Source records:
= = =
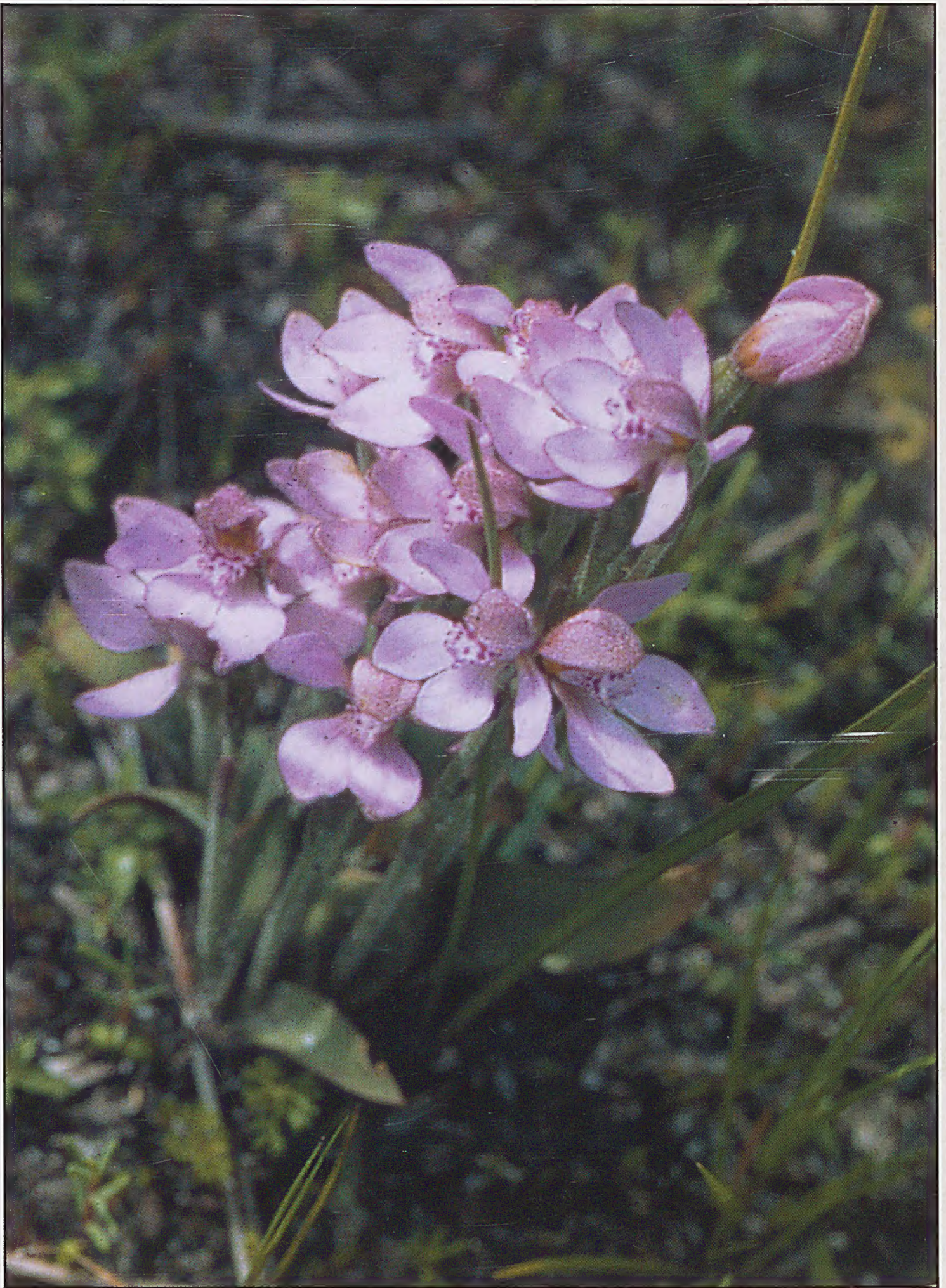
Caladenia nana susp. nana Forestdale Lake Nature Reserve
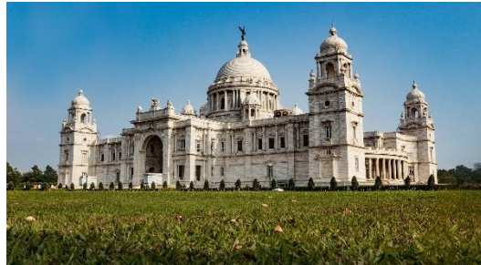
Victoria Memorial in India
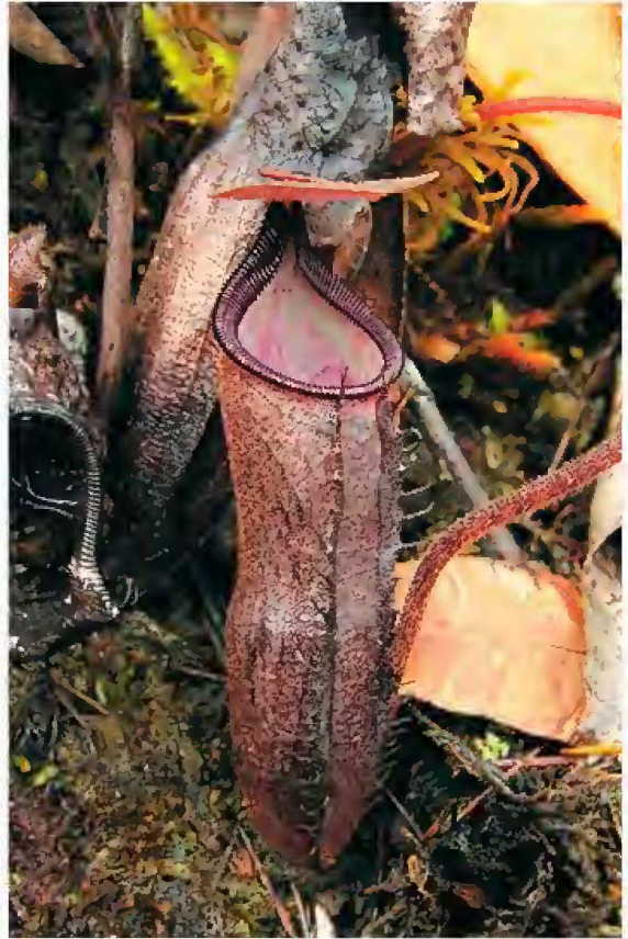
Figure 2: The lower pitchers of N. alba – note the typical purple colouration.

The exterior and interior of the upper pitchers is predominantly white in colour, although the bottom half of the trap may suffuse yellowish green towards the base. Red or pink blotches and flecks are usually present either on the interior or exterior of the upper pitchers (or on both surfaces) although the extent and density of this colouration is extremely variable (see below). The
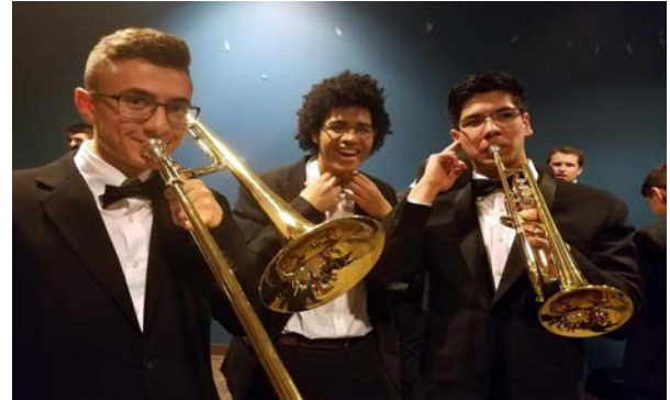
2017 District Band Festival

The role of Friends of Music is to provide outstanding opportunities for our students to excel with the guidance of our talented Nisky faculty.
= = =
■ What is being asked
Leave every picture out, and repeat exactly the lines from the one containing "Figure 2: The" through the last line of the entries, both ends included.

■ Your solution
Figure 2: The lower pitchers of N. alba – note the typical purple colouration.

The exterior and interior of the upper pitchers is predominantly white in colour, although the bottom half of the trap may suffuse yellowish green towards the base. Red or pink blotches and flecks are usually present either on the interior or exterior of the upper pitchers (or on both surfaces) although the extent and density of this colouration is extremely variable (see below). The
2017 District Band Festival

The role of Friends of Music is to provide outstanding opportunities for our students to excel with the guidance of our talented Nisky faculty.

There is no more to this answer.